Exercise brief: Among the entries below, please repeat exactly and only the lines from the line containing "These optimization behavior" to the line containing "L'usine numéro deux, qui", both lines included.

━━ Data for processing ━━

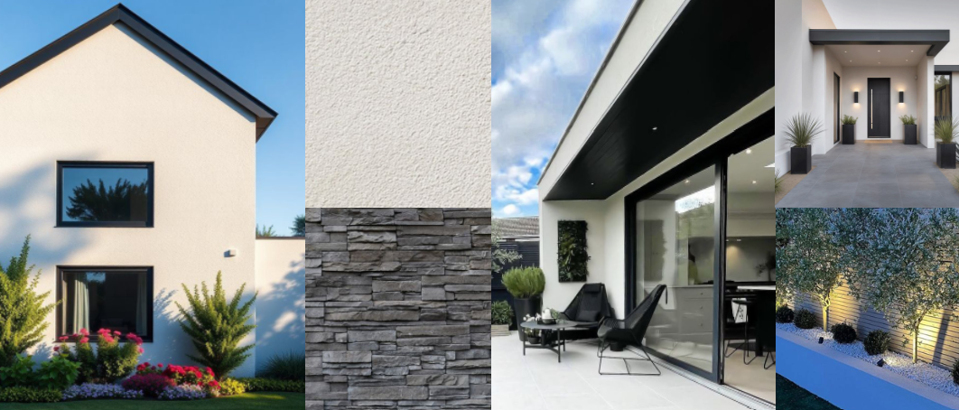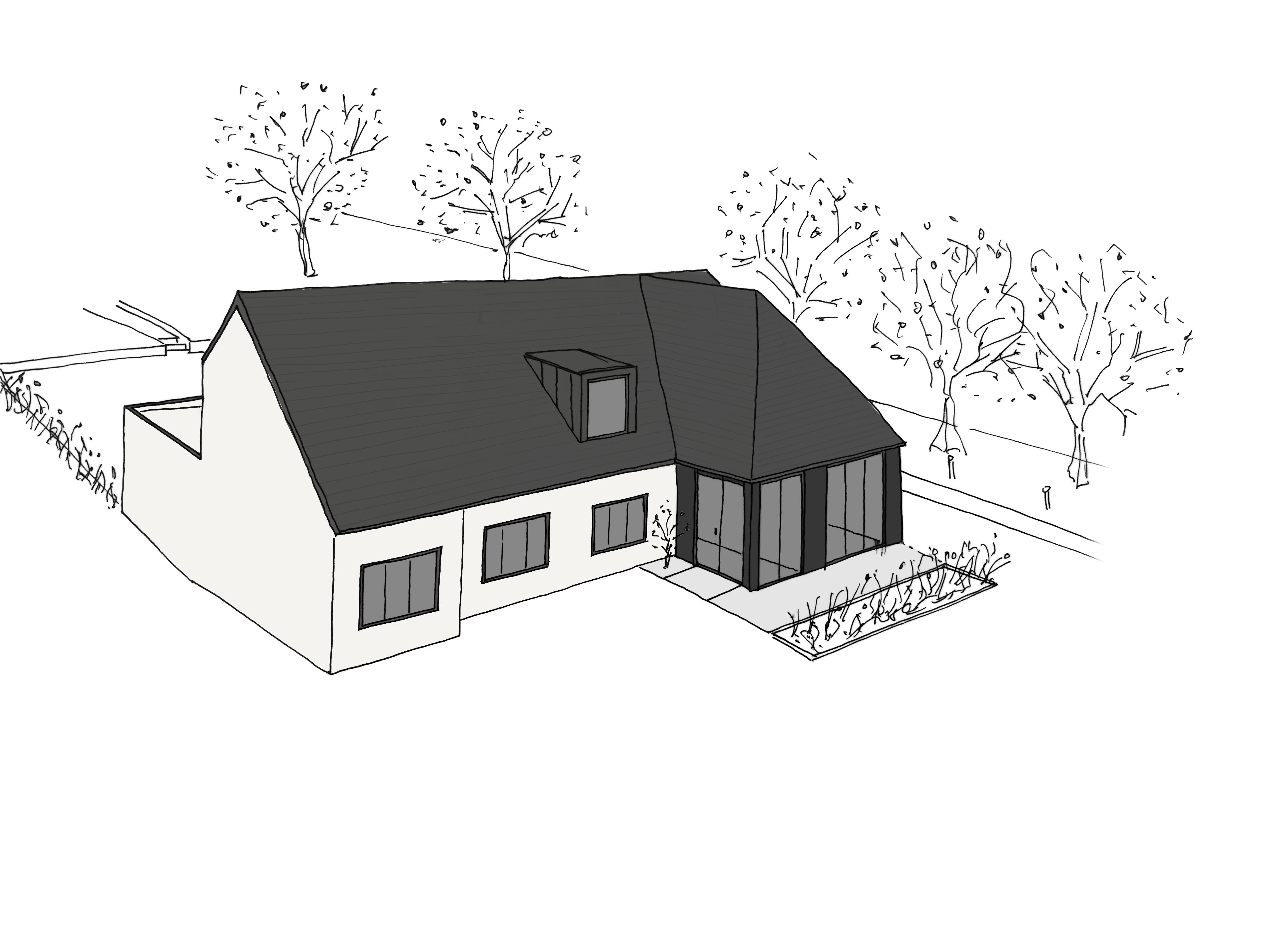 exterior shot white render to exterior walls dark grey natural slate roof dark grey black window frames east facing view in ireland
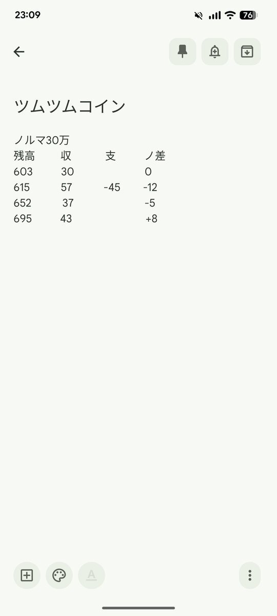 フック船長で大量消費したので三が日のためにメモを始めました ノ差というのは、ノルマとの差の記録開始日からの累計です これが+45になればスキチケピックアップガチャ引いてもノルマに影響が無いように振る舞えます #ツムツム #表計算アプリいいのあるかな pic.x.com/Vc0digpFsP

━━━
━━ Data for processing ━━

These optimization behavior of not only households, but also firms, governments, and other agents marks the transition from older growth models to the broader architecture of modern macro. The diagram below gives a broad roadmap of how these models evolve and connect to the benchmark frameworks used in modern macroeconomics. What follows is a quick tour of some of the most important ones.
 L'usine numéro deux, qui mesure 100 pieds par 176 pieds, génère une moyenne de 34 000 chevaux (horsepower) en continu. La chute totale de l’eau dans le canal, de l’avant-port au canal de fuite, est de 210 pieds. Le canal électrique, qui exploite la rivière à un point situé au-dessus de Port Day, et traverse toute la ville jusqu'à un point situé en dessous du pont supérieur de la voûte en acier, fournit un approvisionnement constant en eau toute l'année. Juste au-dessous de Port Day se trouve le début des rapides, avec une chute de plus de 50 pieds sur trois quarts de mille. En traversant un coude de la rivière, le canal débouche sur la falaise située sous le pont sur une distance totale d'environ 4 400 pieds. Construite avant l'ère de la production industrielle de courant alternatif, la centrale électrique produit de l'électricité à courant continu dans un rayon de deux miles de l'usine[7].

━━━

Output:
These optimization behavior of not only households, but also firms, governments, and other agents marks the transition from older growth models to the broader architecture of modern macro. The diagram below gives a broad roadmap of how these models evolve and connect to the benchmark frameworks used in modern macroeconomics. What follows is a quick tour of some of the most important ones.
 L'usine numéro deux, qui mesure 100 pieds par 176 pieds, génère une moyenne de 34 000 chevaux (horsepower) en continu. La chute totale de l’eau dans le canal, de l’avant-port au canal de fuite, est de 210 pieds. Le canal électrique, qui exploite la rivière à un point situé au-dessus de Port Day, et traverse toute la ville jusqu'à un point situé en dessous du pont supérieur de la voûte en acier, fournit un approvisionnement constant en eau toute l'année. Juste au-dessous de Port Day se trouve le début des rapides, avec une chute de plus de 50 pieds sur trois quarts de mille. En traversant un coude de la rivière, le canal débouche sur la falaise située sous le pont sur une distance totale d'environ 4 400 pieds. Construite avant l'ère de la production industrielle de courant alternatif, la centrale électrique produit de l'électricité à courant continu dans un rayon de deux miles de l'usine[7].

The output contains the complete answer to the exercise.